* Work order *
Retype the listing found below exactly, but leave out each picture.

* Given data *
:::::

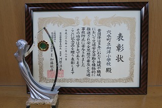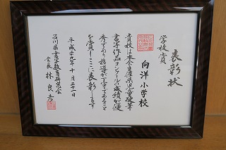 学校全体で今回の硬筆作品が優秀であるということで県書写教育研究会から学校賞をいただきました。文字は、書写の時間だけで上達するものではありません。日頃の勉強時間や家庭学習などで丁寧な文字を書こうと心がけることが大切です。
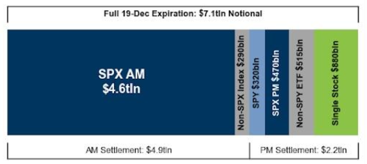 此次期权到期之所以备受关注,核心在于其前所未有的规模。根据高盛分析师John Marshall的估算,超过7.1万亿美元的名义风险敞口将在今天集中到期。
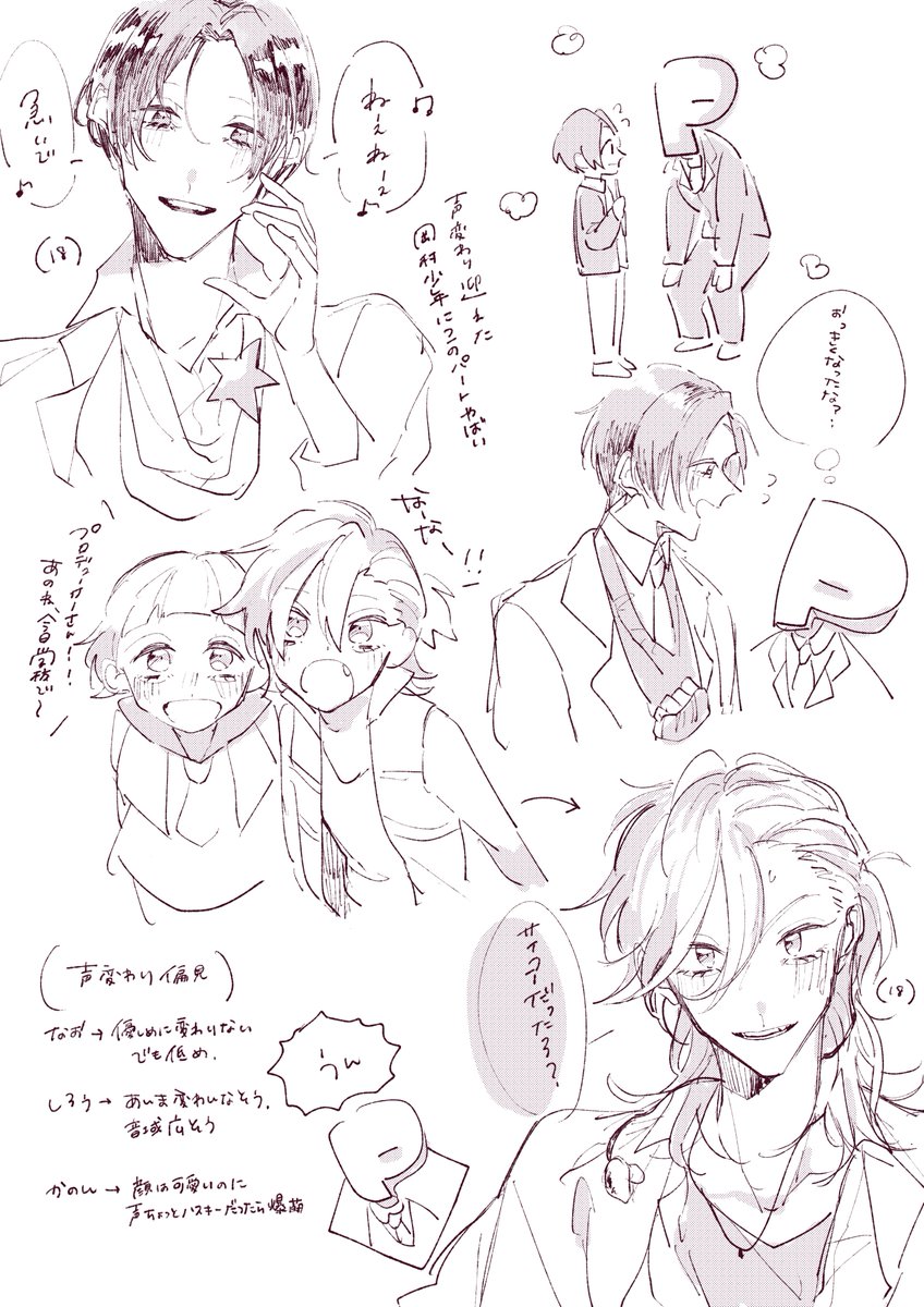 女性グループの歌を男性に歌わせてるのと見づらい絵とクソ長い解説プラス汚い字だけどこの曲は最高なので布教させてください、あときょうじの髪色がなんだか違うのはごめんなさい

:::::

* Task result *
 学校全体で今回の硬筆作品が優秀であるということで県書写教育研究会から学校賞をいただきました。文字は、書写の時間だけで上達するものではありません。日頃の勉強時間や家庭学習などで丁寧な文字を書こうと心がけることが大切です。
 此次期权到期之所以备受关注,核心在于其前所未有的规模。根据高盛分析师John Marshall的估算,超过7.1万亿美元的名义风险敞口将在今天集中到期。
 女性グループの歌を男性に歌わせてるのと見づらい絵とクソ長い解説プラス汚い字だけどこの曲は最高なので布教させてください、あときょうじの髪色がなんだか違うのはごめんなさい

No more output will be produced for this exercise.